Cool, I'm glad I wasn't the only one who thought packet based belts would be fun to experiment with!

If its useful I approached the demultiplexer a bit differently. I designated one material to be used universally on the bus for a fixed size header, then a second material in each packet is the arbitary payload. For each demux splitter the steady state when it isn't being used is that one of the two output lanes is blocked and backfilled with the header material. The other output lane is blocked but not filled with any header material. When a packet enters the splitter I allow sufficient cycles for the packet header to backfill the 2nd output lane inside the splitter, then open whichever lane the packet should come out of. This lets the packet exit the splitter with exactly the same composition as it entered, and splitter again has one lane blocked and backfilled with header material.
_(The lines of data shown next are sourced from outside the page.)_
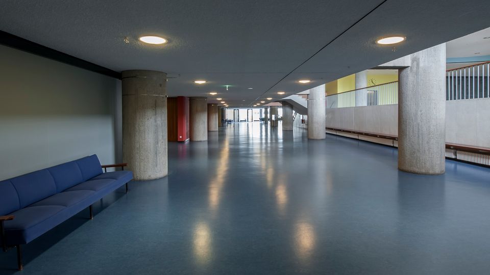Die bautechnische Umsetzung des programmatischen Anspruches stieß jedoch auf Schwierigkeiten: Der ursprüngliche Entwurf Stubbins‘ sah ein nur auf zwei Säulen liegendes, ansonsten frei schwebendes Dach vor. Die Idee eines nur auf wenigen Punkten ruhenden Daches entsprach dem damaligen Zeitgeist des organischen Bauens. Bereits 1953-56 hatte Eero Saarinen ein Dach für das Kresge Auditorium des Massachusetts Institute of Technologie in Cambridge konstruiert, das nur auf drei Punkten ruhte.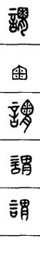 从上到下依次是小篆、甲骨文、金文、古玺及战国文字、缪篆及汉代文字、鸟虫篆。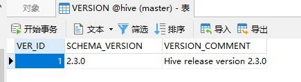 元数据表字段 说明 示例数据 VER_ID ID(主键) 1 SCHEMA_VERSION Hive-Schema版本 2.3.0 VERSION_COMMENT 版本说明 Hive release version 2.3.0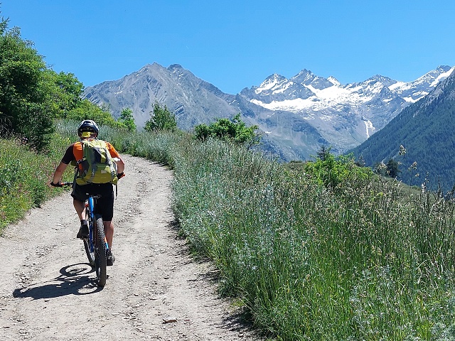 Lo sterrato che da Gimillan sale in direzione di Grauson - Sullo sfondo il ghiacciaio della Valeille, il ghiacciaio delle Sengie ed il ghiacciaio Ciardoney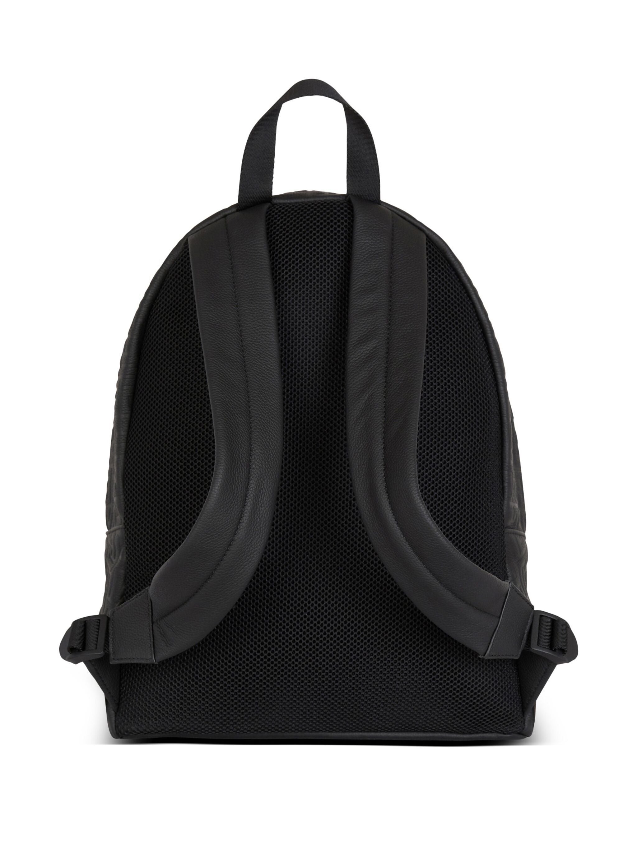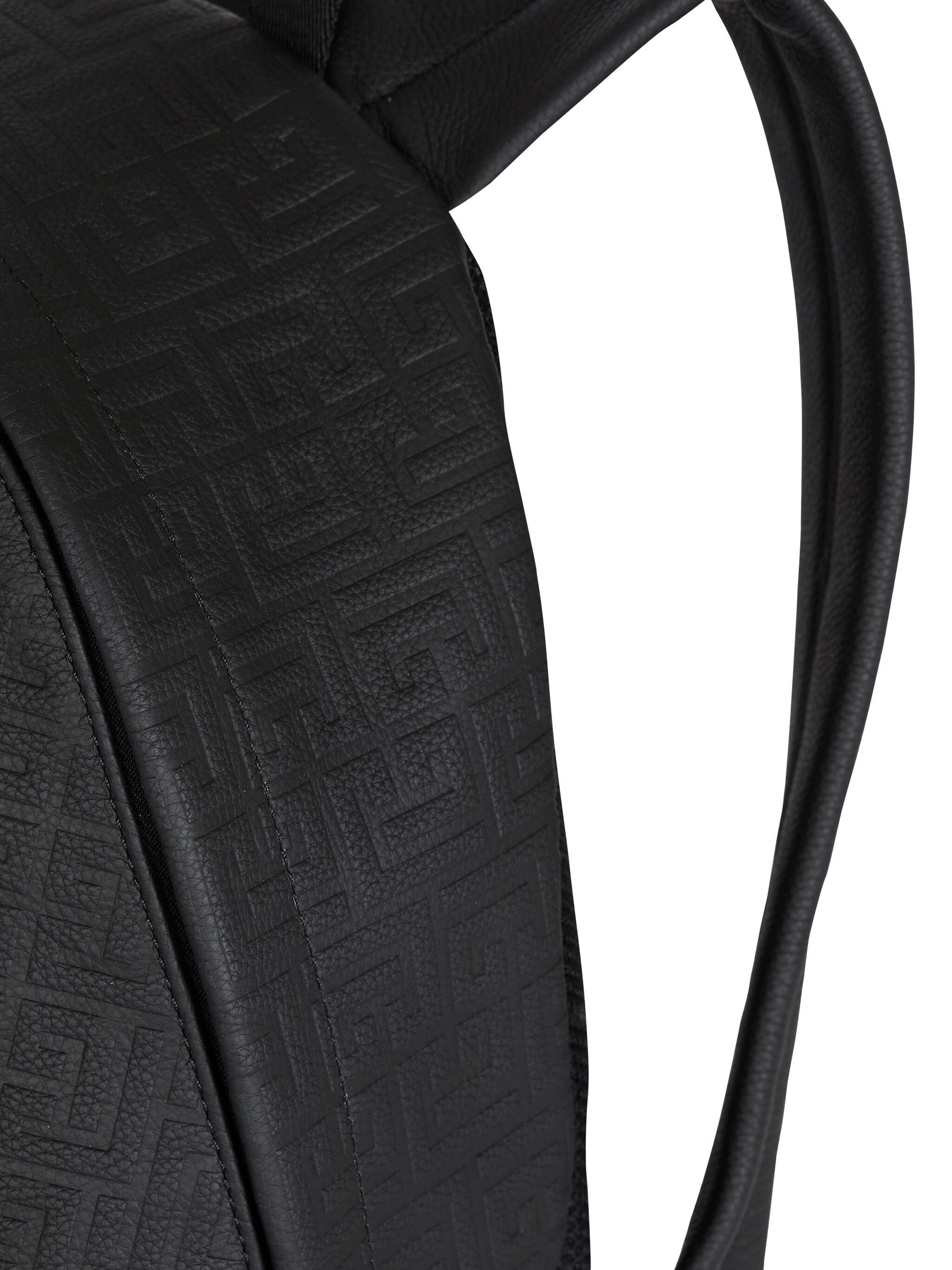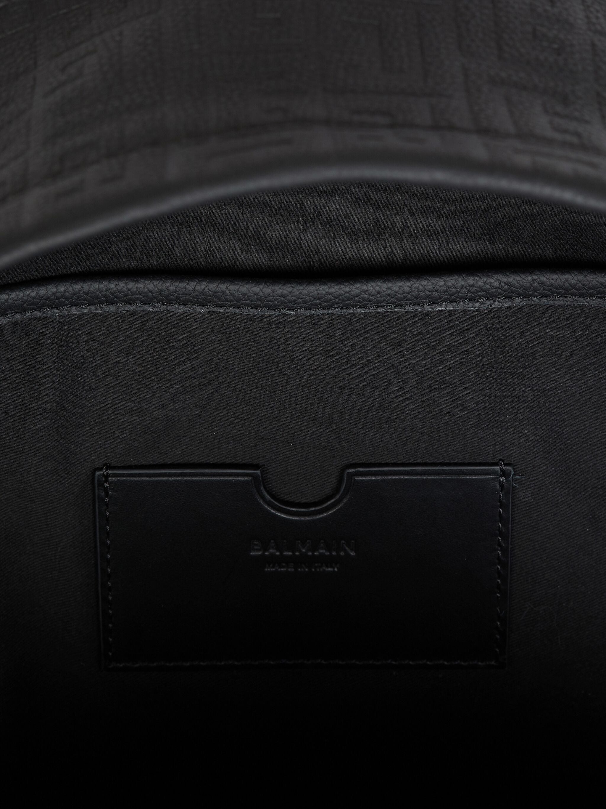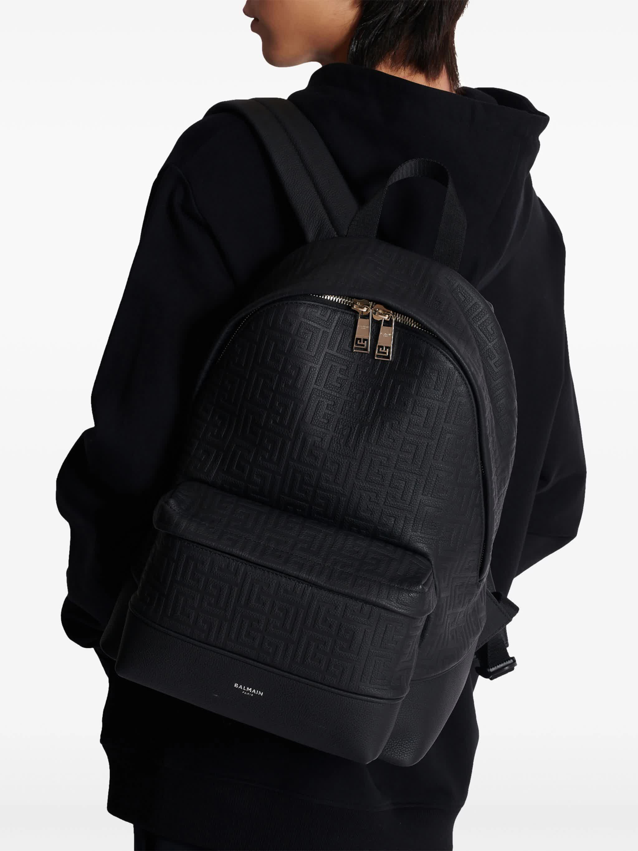 Balmain features this granulated leather backpack with embossed PB labyrinth monogram.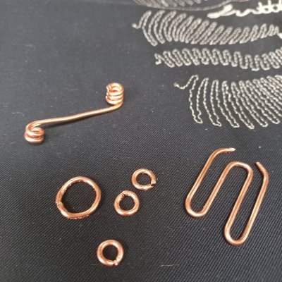 À droite, des petites pièces conductrices en cuivre réalisées à partir de chutes de fil électrique et d'une pince…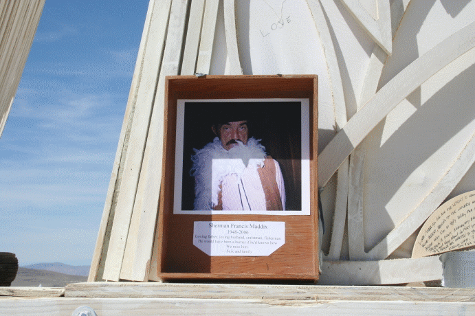 One of our long time Poly Paradise participants, Scix, was not going to be able to make it to Burning Man in 2006. But wanted to place a memorial to his Uncle at the temple. I volunteered to create and place it for him.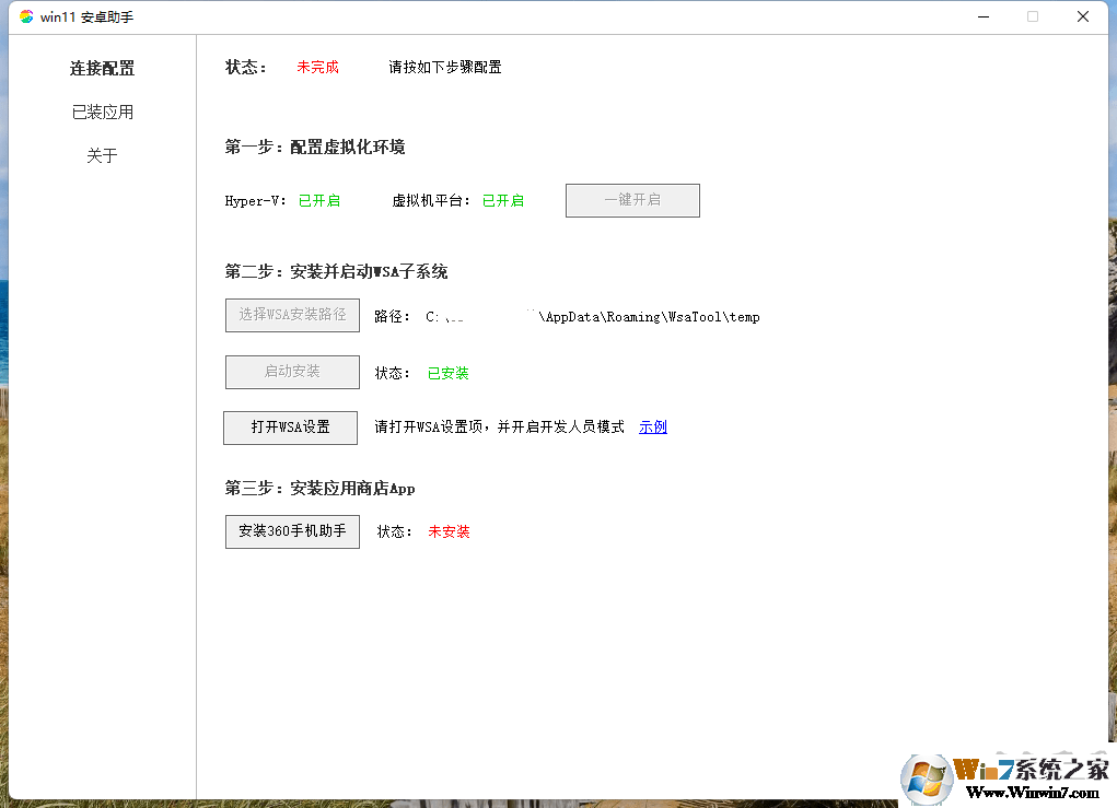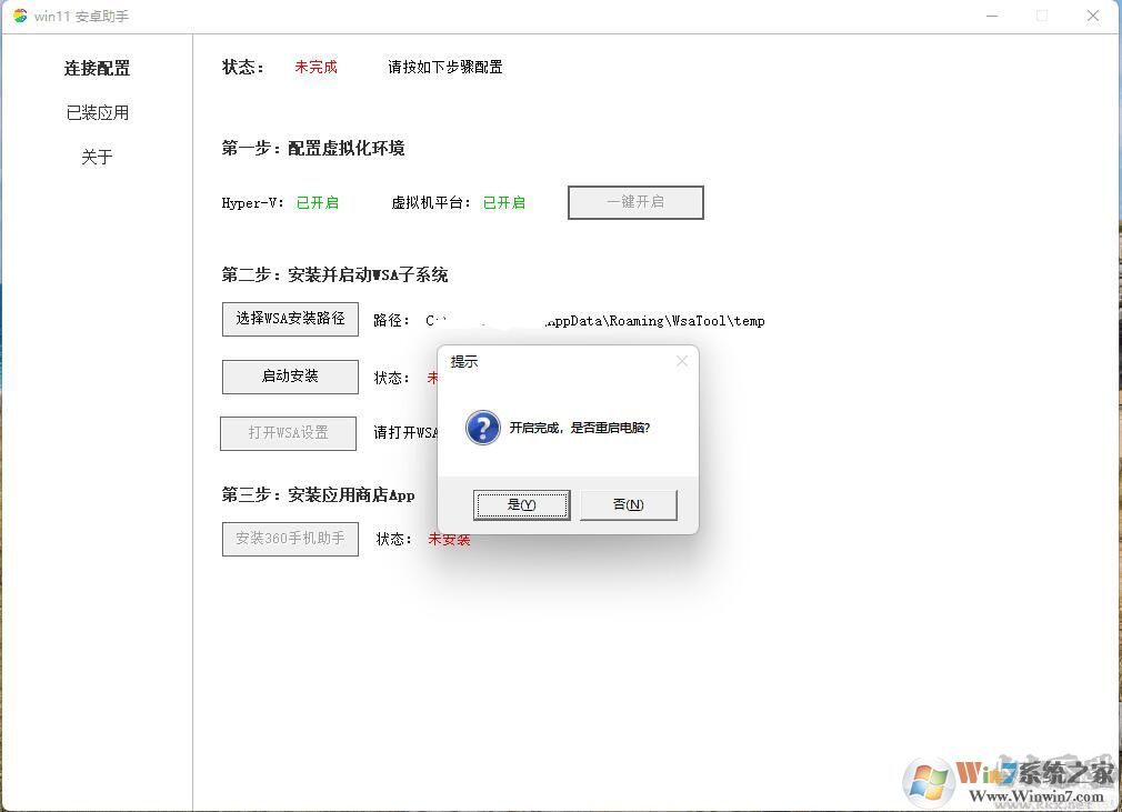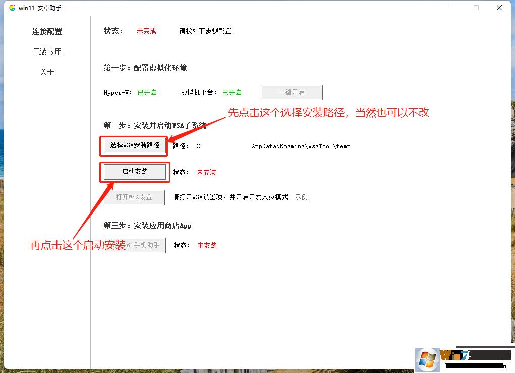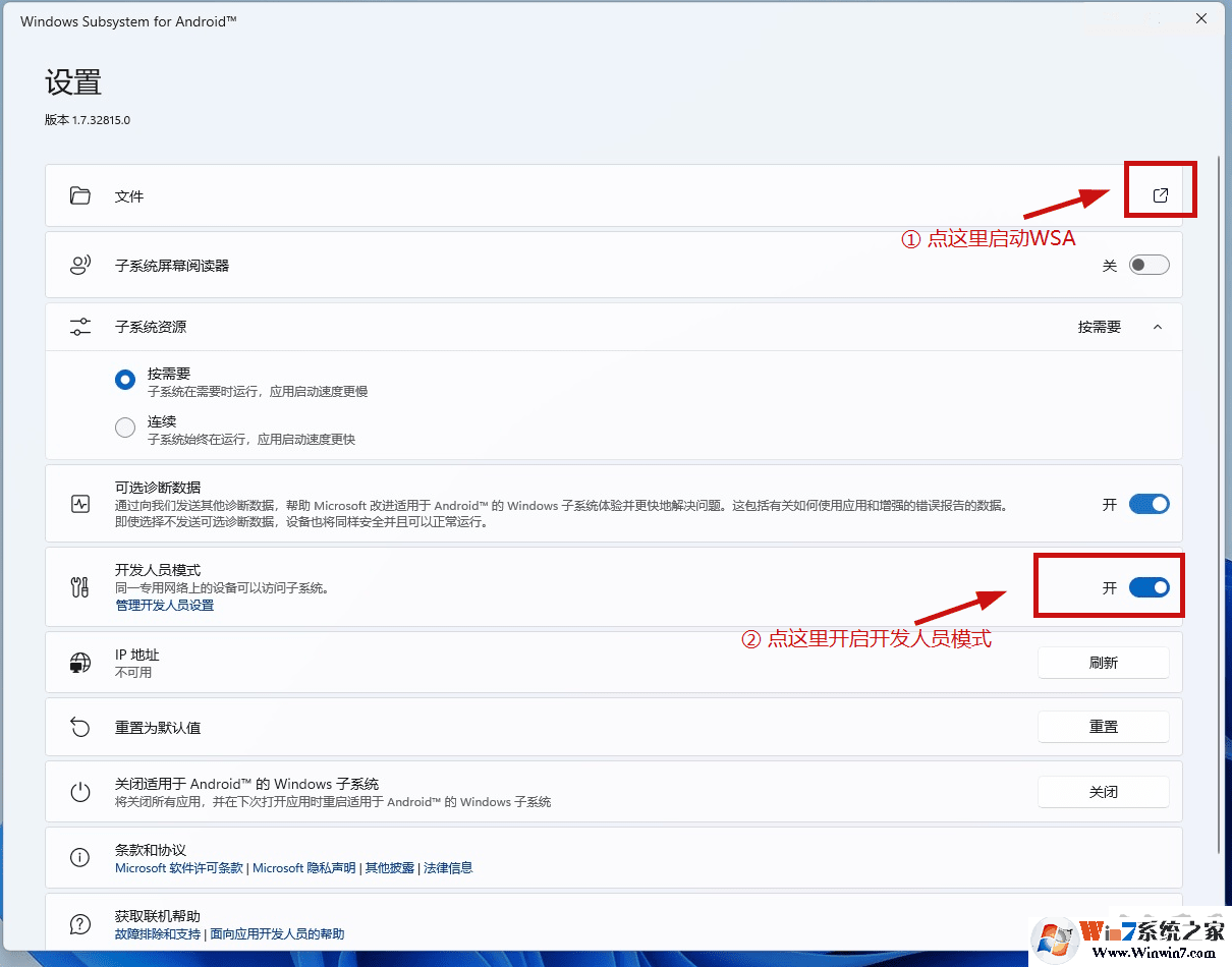 5.完成后點(diǎn)擊“打開WSA設(shè)置”,按照下圖操作
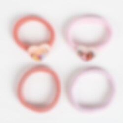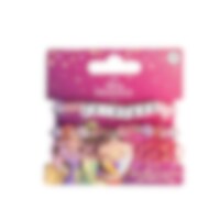Deze mooie set met 4 haarelatiekjes met Disney Prinsessen is zowel praktisch als sprookjesachtig. De set bevat vier elastiekjes in roze en abrikooskleurige tinten, waarvan twee zijn versierd met hartvormige details met populaire prinsessen zoals Rapunzel, Ariël, Belle en Tiana. Perfect voor kleine prinsesjes die een glinsterend accent aan hun kapsel willen geven.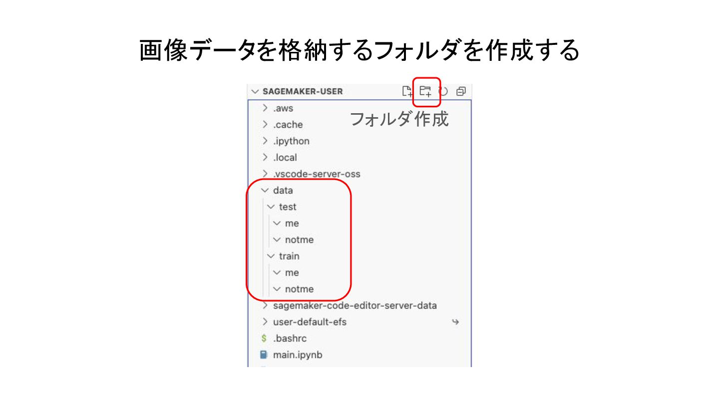 データセットを作る data/test : テスト用の画像データ - me, notmeでそれぞれ4枚ずつ選びましょう data/train : トレーニング用の画像データ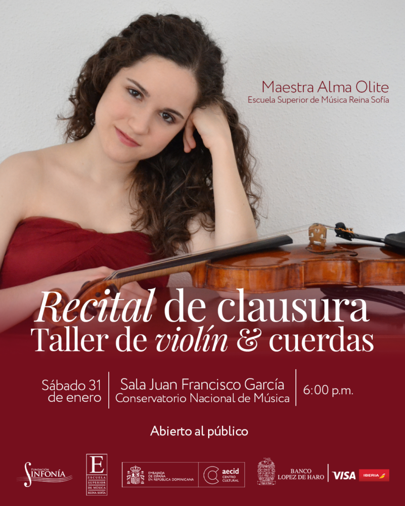 Fundación Sinfonía invita al recital de cierre del Taller de violín y cuerdas con la maestra Alma Olite, alumni de la Escuela Superior de Música Reina Sofía. Con la participación especial de una selección de los estudiantes del taller. Será realizado el sábado 31 de octubre a las 6:00 p.m. en la Sala Juan Francisco García del Conservatorio Nacional de Música.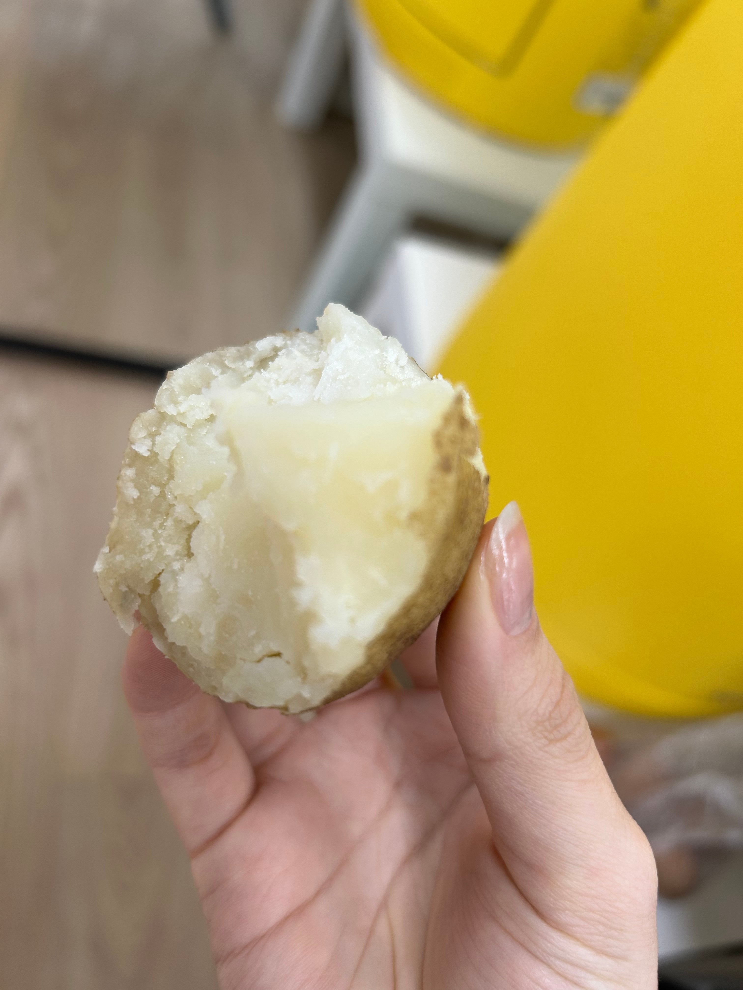 감자를 찌려고 물로 깨끗이 씻었는데 한 감자의 한 부분이 썩은 것처럼 까매져있었다. 버릴까 하다가 그냥 씻어서 찜기에 같이 넣었는데 오늘 그 감자를 꺼내서 먹어보니까 검은 부분만 껍질을 떼고 먹었더니 멀쩡한 감자였다. 안 버리길 잘했다🥔요즘 너무너무 추우니까 면역력 떨어지지 않게 건강한 음식들 잘 챙겨 먹어야 돼 큥이들!! 냉동 블루베리는 너무 차가우니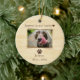 Honorez la mémoire de votre chien bien-aimé avec cet ornement commémoratif sincère, conçu pour célébrer l'amour et la joie qu'il a apportés dans votre vie. Avec un fond en bois clair orné d'empreintes de pattes et la phrase touchante "À jamais dans nos cœurs" avec un cœur à la fin, cet ornement offre un espace pour une photo chérie de votre chien, ainsi que les années de sa vie. Cet ornement personnalisé est un rappel réconfortant du lien que vous avez partagé, ce qui en fait un beau tribut à accrocher à votre arbre de Noël ou à exposer chez vous toute l'année.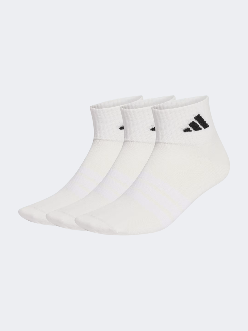 أديداس جوارب تدريب خفيفة ورقيقة للكاحل، 3 أزواج، للجنسين، أبيض/أسود

On the upside I no longer needed to worry about salvaging the misdirected packet fragment that gets trapped inside the splitter. On the downside it means the system either needs to be constantly supplied with new header material at the packet sources, or a fixed amount of header material needs to continually circulate from the packet destinations back to the sources. There is also the option to insert the header just before the packet enters the switch and remove the header just after it leaves. This keeps the header requirement locally contained, but adds a bunch of inserters and extra belts around each switch.


I'm very curious to hear how the packet belt experiment continues! I wanted to get all the way to an expandable automatically routed network (like an IP network) but I haven't pushed it that far yet.